Department of Environmental Health, Rollins School of Public Health, Emory University, Atlanta, GA 30322, USA.
Department of Biostatistics and Bioinformatics, Rollins School of Public Health, Emory University, Atlanta, GA 30322, USA.
Environ Int. 2018 Dec;121(Pt 1):550-560. doi: 10.1016/j.envint.2018.09.051. Epub 2018 Oct 6.
Exposure to fine particulate matter (PM) has been associated with a wide range of negative health outcomes. The overwhelming majority of the epidemiological studies that helped establish such associations was conducted in regions with sufficient ground observations and other supporting data, i.e., the data-rich regions. However, air pollution health effects research in the data-poor regions, where pollution levels are often the highest, is still very limited due to the lack of high-quality exposure estimates. To improve our understanding of the desired input datasets for the application of satellite-based PM exposure models in data-poor areas, we applied a Bayesian ensemble model in the southeast U.S. that was selected as a representative data-rich region.
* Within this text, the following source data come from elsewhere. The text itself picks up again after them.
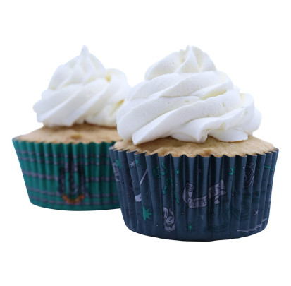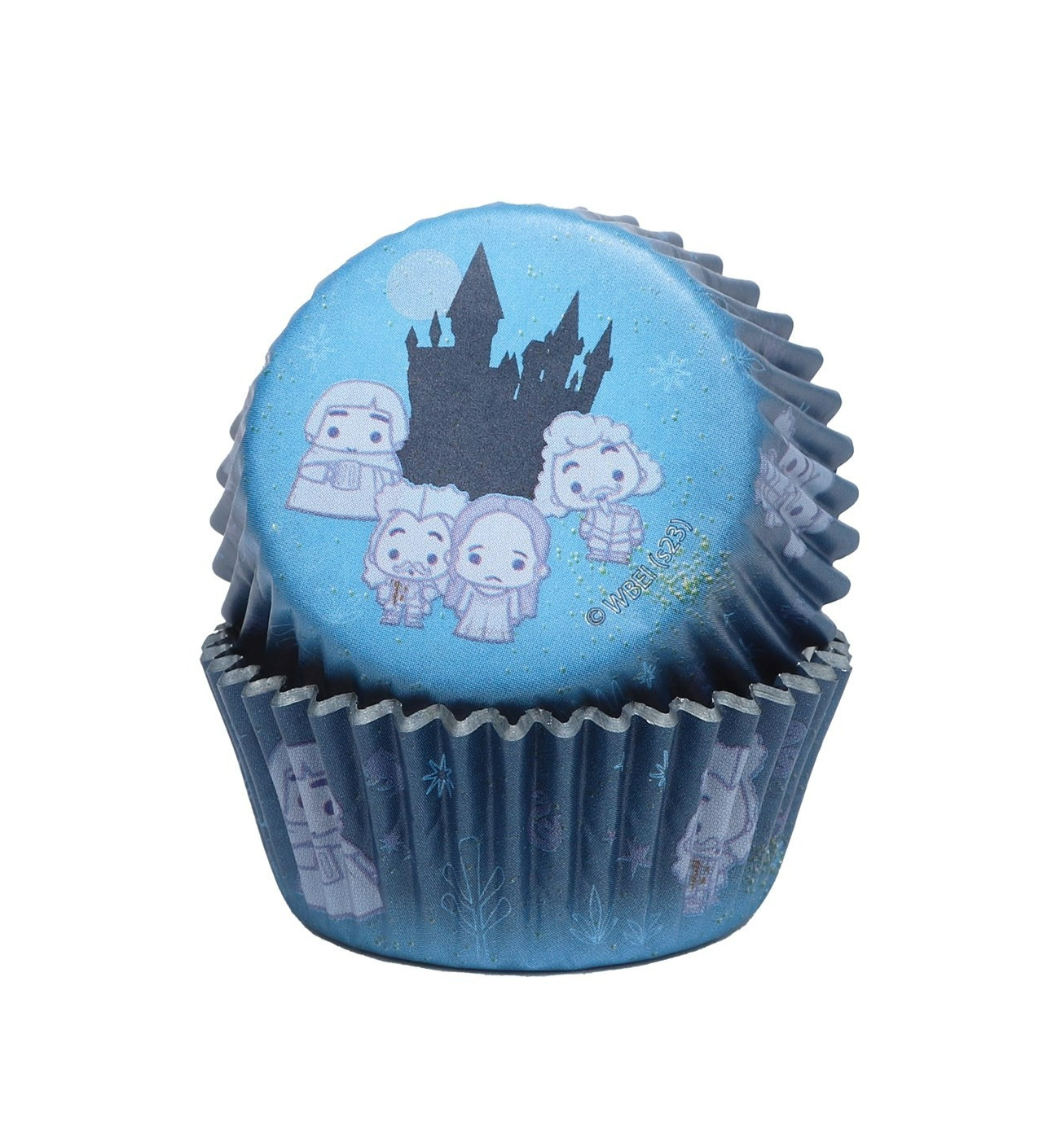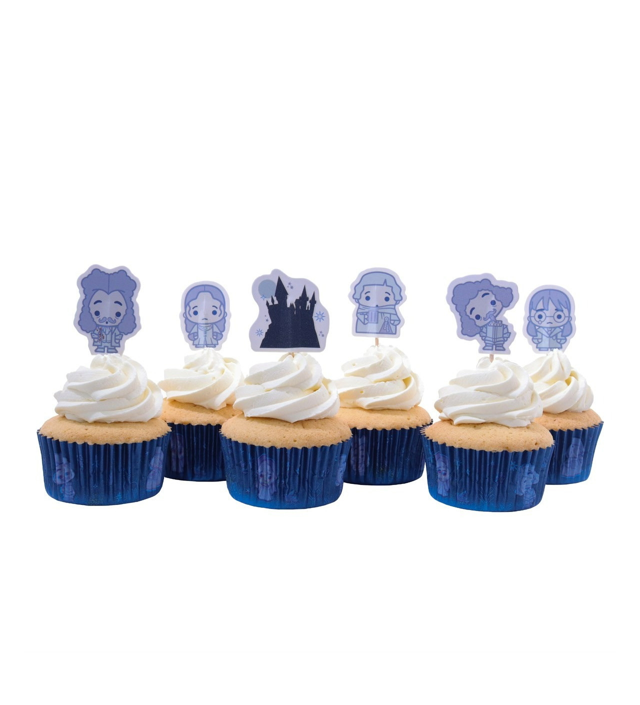 El set para cupcakes incluye 24 cápsulas de papel para muffins y 24 cake toppers Harry Potter, con los que podrás transformar tus creaciones en auténticas apariciones mágicas. Además, presentan misteriosos motivos en negro y azul inspirados en los espíritus que recorren los pasillos de la escuela de magia y hechicería.
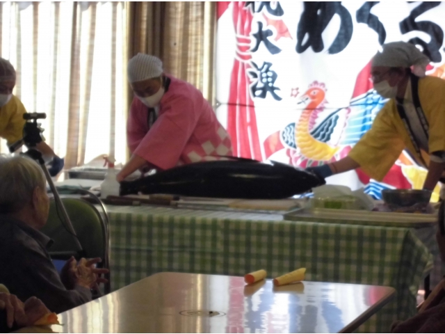 2月22日、寿司まつり&まぐろの解体ショーを行いました。
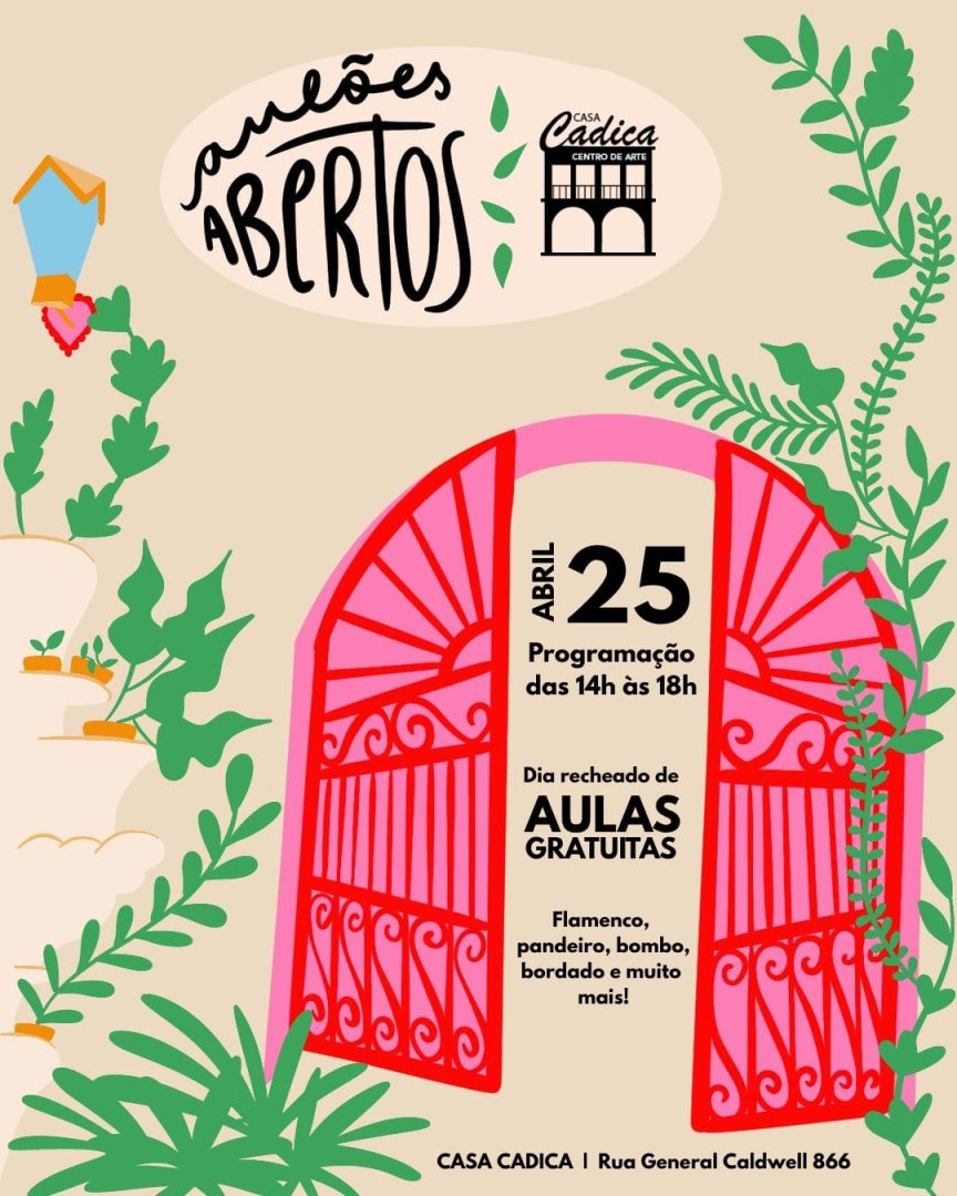 A Casa Cadica Centro de Arte realizará no próximo dia 25/04 o projeto “Portões Abertos”, oferecendo ao público, no turno da tarde, de forma gratuita, uma imersão gratuita em diferentes linguagens artísticas.
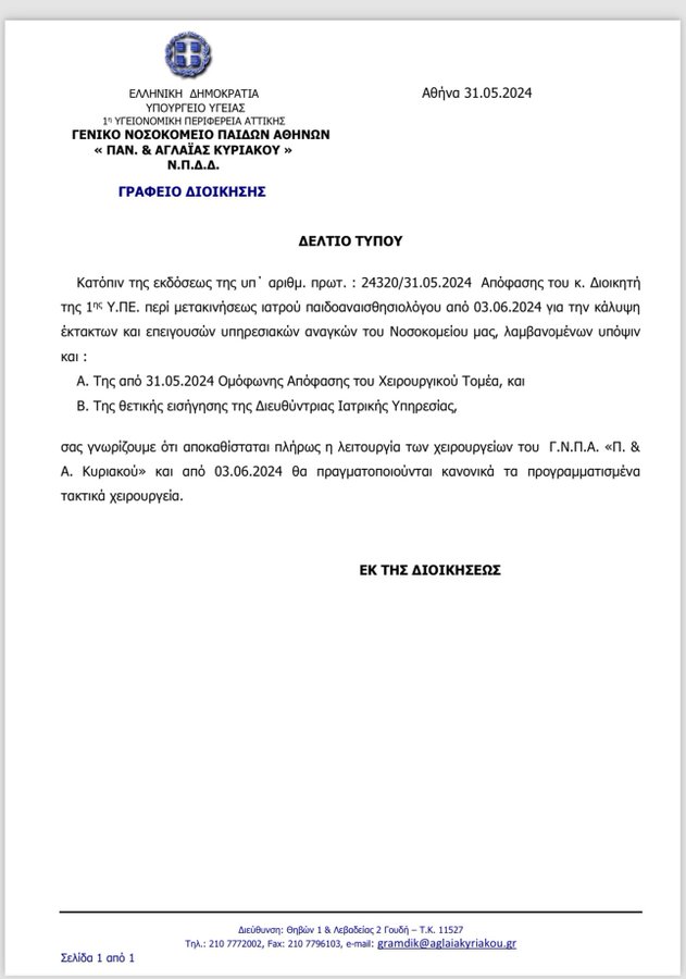 Όπως ανακοινώθηκε από τη διοίκηση του νοσοκομείου, κατόπιν εκδόσεως σχετικής απόφασης από τον διοικητή της 1ης Υ.ΠΕ. περί μετακινήσεως ιατρού παιδοαναισθησιολόγου για την κάλυψη έκτακτων και επειγουσών υπηρεσιακών αναγκών του νοσοκομείου, λαμβανομένων υπόψιν και της ομόφωνης απόφασης του Χειρουργικού Τομέα και της θετικής εισήγησης της Διευθύντριας Ιατρικής Υπηρεσίας, αποκαθίσταται πλήρως η λειτουργία των χειρουργείων.
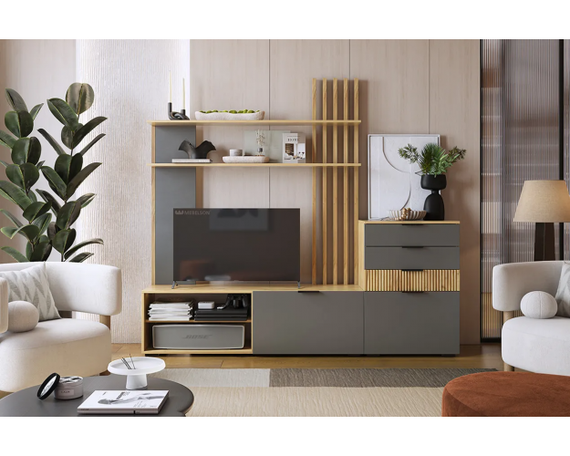 Гостиная Бери К3 дуб крафт золотой / графит состоит из 8 модулей:
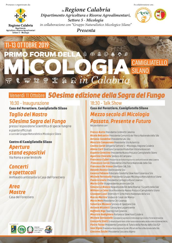 Prima del Forum, grazie sempre al supporto e all’impegno degli attori istituzionali e alle associazioni, si terrà l’inaugurazione della 50^ Edizione della Sagra del Fungo, venerdì 11 ottobre, sempre a Camigliatello Silano. Per l’occasione, in seguito al taglio del nastro e all’apertura di tutti gli stand espositivi e dell’area mostre, si svolgerà un vero e proprio talk show dal titolo “Mezzo secolo di Micologia – Passato, Presente e Futuro”, dove importanti ospiti istituzionali e rappresentanti di imprese e associazioni locali si confronteranno sulla storia del comparto micologico calabrese, analizzando problematiche, esperienze virtuose e opportunità per il futuro del settore. Tutto ciò, per gettare le basi di altri 50 anni di successi e capacità di animazione del territorio, per la sempre più amata e attrattiva Sagra del Fungo.
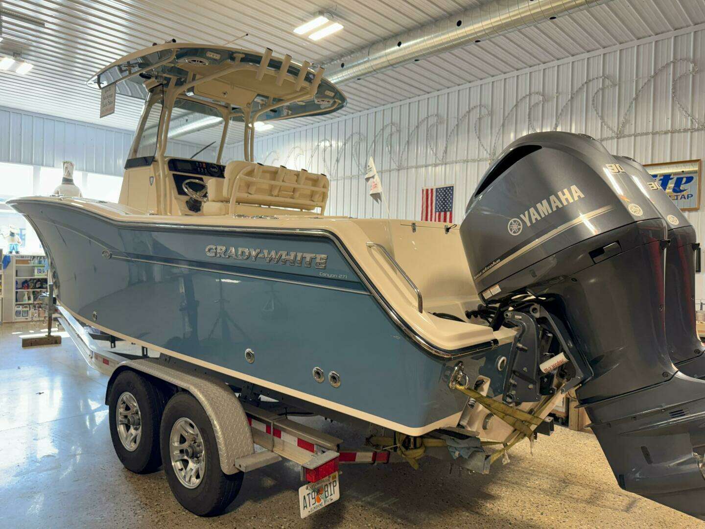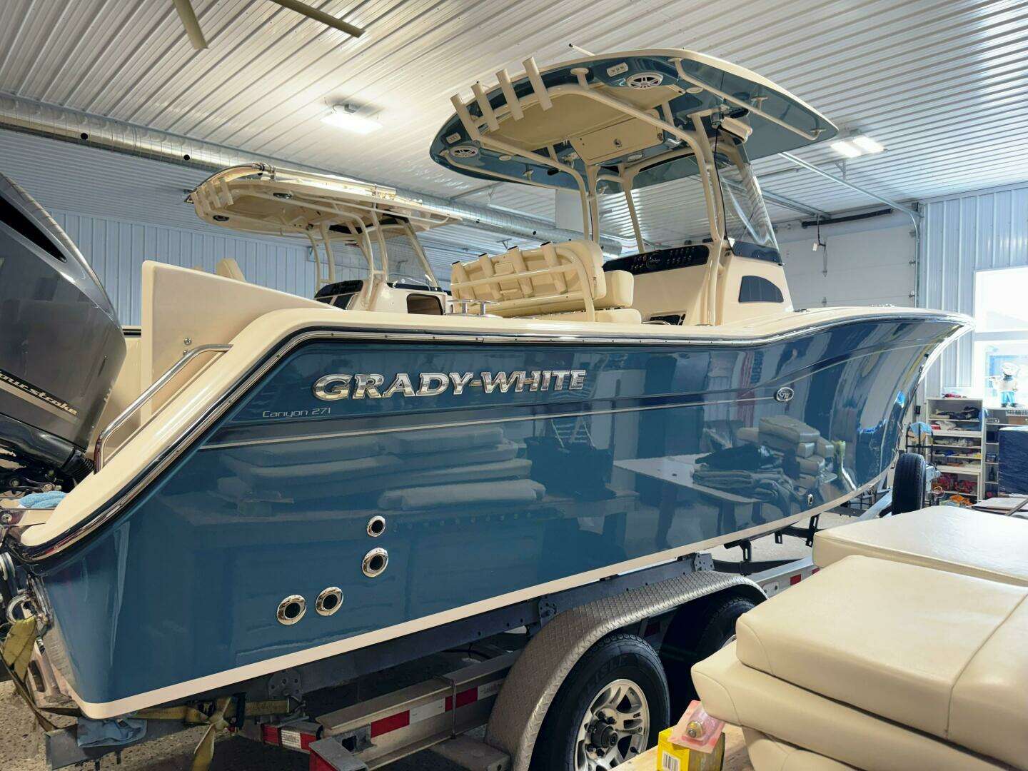 You will be very hard pressed to find a cleaner version 2019 Grady-White Canyon 271 than this one! And what a Beautiful Beast she is! Featuring the Seaport Blue Hull color and Twin Yamaha F-300's (digital controls) with only 519 hours this is the Canyon 271 to own! This boat has many recent updates such as a Garmin 1243 MFD, Garmin AutoPilot, new Fusion stereo system with new Speakers/Sub and Amps, an added group 31 battery and more! This boat has a Windlass, Convenience package (shore power/battery charger) Underwater Lights, Electric head, Trim tabs, Deluxe lean bar, Trailer and more! This boat is clean throughout with factory clean and shiny gelcoat on the bottom (no bottom paint). We have excellent service records on this boat and typical of Grady-White, the attention to detail and legendary ride is second to none! Trailer is included! Call or email us for all the details!

We designed four groups of sensitivity tests to simulate various data-poor scenarios. The factors considered that would influence the model performance included the temporal sampling frequency of the monitors, the number of ground monitors, the accuracy of the chemical transport model simulation of PM concentrations, and different combinations of the additional predictors. While our full model achieved a 10-fold cross-validated (CV) R of 0.82, we found that when reducing the sampling frequency from the current 1-in-3 day to 1-in-9 day, the CV R decreased to 0.58, and the predictions could not capture the daily variations of PM. Half of the current stations (i.e., 30 monitors) could still support a robust model with a CV R of 0.79. With 20 monitors, the CV R decreased from 0.71 to 0.55 when 100% additional random errors were added to the original CMAQ simulations. However, with a sufficient number of ground monitors (e.g., 30 monitors), our Bayesian ensemble model had the ability to tolerate CMAQ errors with only a slight decrease in CV R (from 0.79 to 0.75). With fewer than 15 monitors, our full model collapsed and failed to fit any covariates, while the models with only time-varying variables could still converge even with only five monitors left. A model without the land use parameters lacked fine spatial details in the prediction maps, but could still capture the daily variability of PM (CV R ≥ 0.67) and might support a study of the acute health effects of PM exposure.
细颗粒物(PM)暴露与广泛的负面健康后果有关。绝大多数有助于确定这些关联的流行病学研究都是在地面观测和其他支持数据充足的地区进行的,即数据丰富的地区。然而,由于缺乏高质量的暴露估计值,空气污染健康影响研究在污染水平通常最高的数据匮乏地区仍然非常有限。为了更好地了解在数据匮乏地区应用卫星 PM 暴露模型所需的输入数据集,我们在美国东南部应用了一个贝叶斯集成模型,该模型被选为具有代表性的数据丰富地区。我们设计了四组敏感性测试来模拟各种数据匮乏的情况。考虑到会影响模型性能的因素包括监测器的时间采样频率、地面监测器的数量、PM 浓度化学传输模型模拟的准确性以及额外预测因子的不同组合。虽然我们的全模型在 10 倍交叉验证(CV)中的 R 值达到了 0.82,但我们发现,当将采样频率从目前的 1 天 3 次减少到 1 天 9 次时,CV R 下降到 0.58,并且预测无法捕捉 PM 的日变化。当前站点的一半(即 30 个监测器)仍然可以支持一个稳健的模型,CV R 为 0.79。当将 100%的额外随机误差添加到原始 CMAQ 模拟中时,使用 20 个监测器,CV R 从 0.71 下降到 0.55。然而,使用足够数量的地面监测器(例如 30 个监测器),我们的贝叶斯集成模型有能力容忍 CMAQ 错误,而 CV R 仅略有下降(从 0.79 降至 0.75)。当监测器少于 15 个时,我们的全模型崩溃,无法拟合任何协变量,而仅包含时变变量的模型即使只剩下 5 个监测器也仍能收敛。没有土地利用参数的模型在预测图中缺乏精细的空间细节,但仍能捕捉 PM 的日变化(CV R≥0.67),并且可能支持 PM 暴露急性健康影响的研究。